__Instructions to follow__
Copy, please, the line with "149 000 | |" and each line that follows it through the end of the data below, exactly as given and without pictures.

__Information provided__
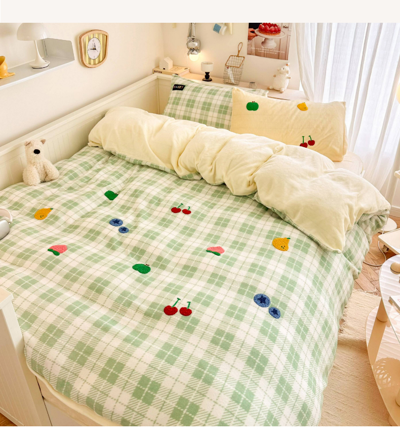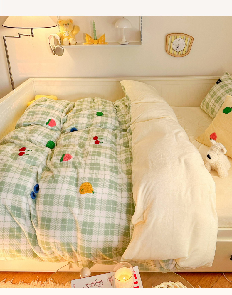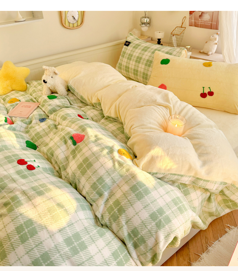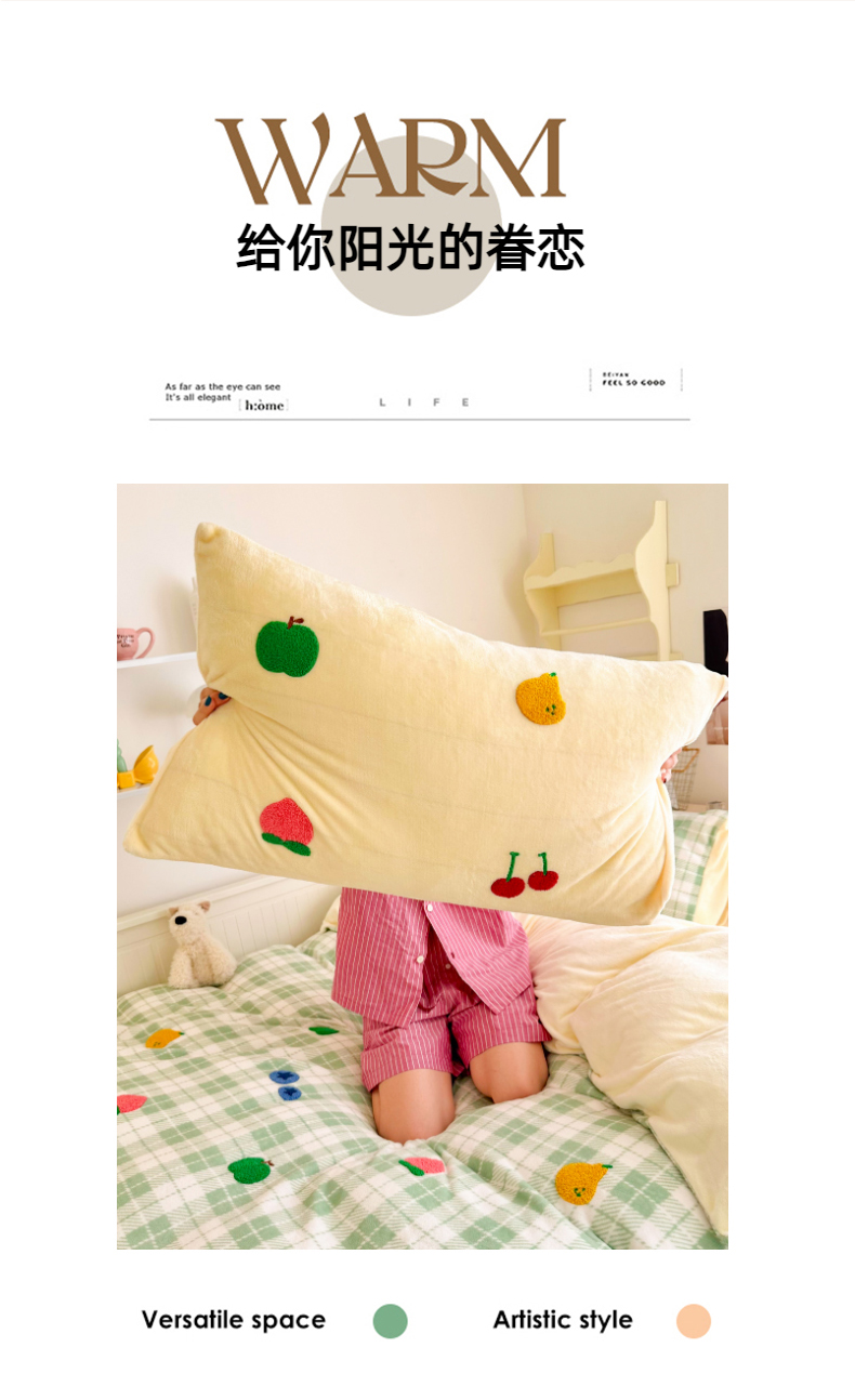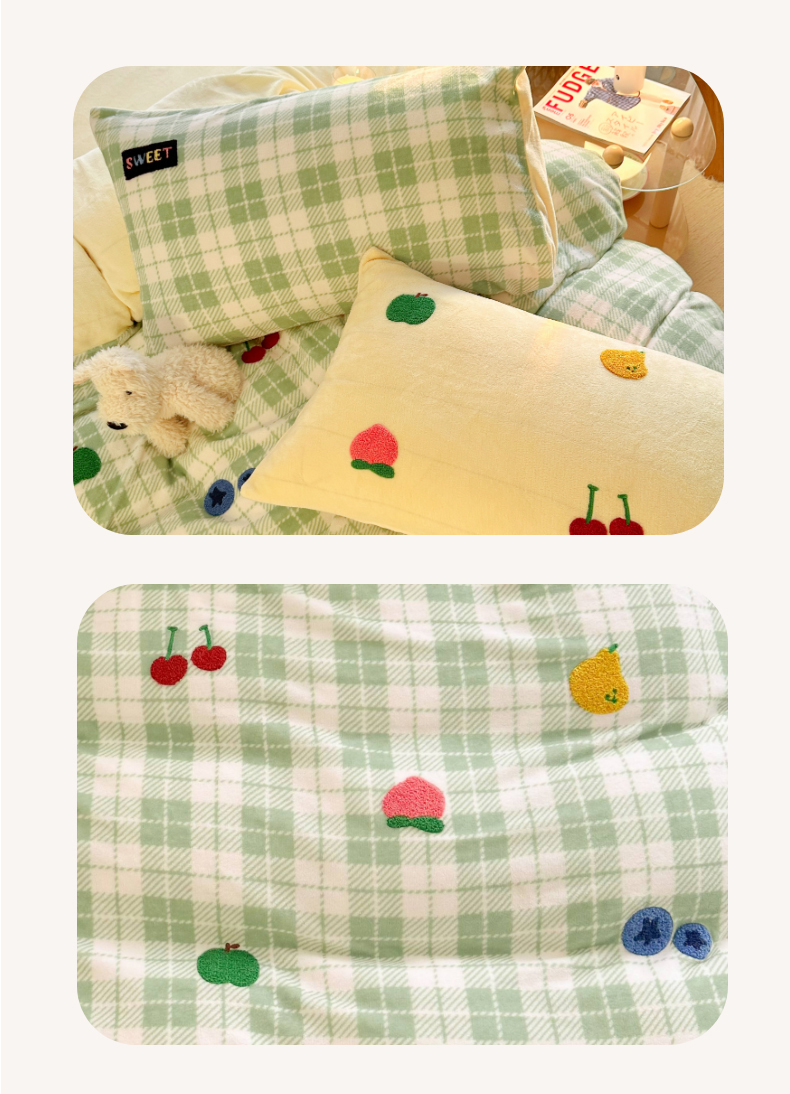 呗旺鹿 2024新款A类高克重散盘印花毛巾绣牛奶绒四件套 水果世界
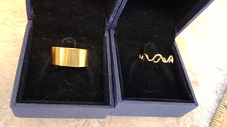 2Anillos .dorado cruz y brillo y el plata con mano
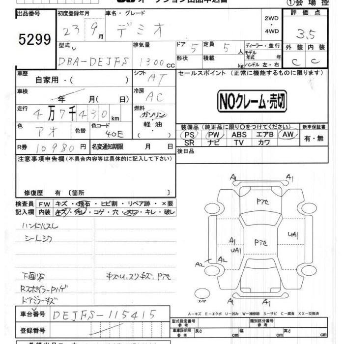 | 13C | DBA-DE3FS | ZJ-VE | FF | 5MT | 1348cc | 91ps(67kW)/6000rpm | AИ-92 | 1 149 000 | |
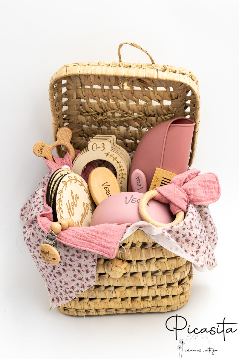 Procura um presente que combine emoção, utilidade e elegância? A nossa cesta bebé personalizada em tons de rosa é a solução ideal para dar as boas-vindas a um novo membro da família. Esta canastilha do bebé foi cuidadosamente desenhada, selecionando produtos de alta qualidade que acompanharão os pais nos momentos mais importantes do dia a dia. Apresentada numa preciosa cesta bebé de folha de palma trançada à mão de forma artesanal, é o presente para recém-nascido mais completo e estético que pode encontrar.

__Answer to the problem__
 | 13C | DBA-DE3FS | ZJ-VE | FF | 5MT | 1348cc | 91ps(67kW)/6000rpm | AИ-92 | 1 149 000 | |
 Procura um presente que combine emoção, utilidade e elegância? A nossa cesta bebé personalizada em tons de rosa é a solução ideal para dar as boas-vindas a um novo membro da família. Esta canastilha do bebé foi cuidadosamente desenhada, selecionando produtos de alta qualidade que acompanharão os pais nos momentos mais importantes do dia a dia. Apresentada numa preciosa cesta bebé de folha de palma trançada à mão de forma artesanal, é o presente para recém-nascido mais completo e estético que pode encontrar.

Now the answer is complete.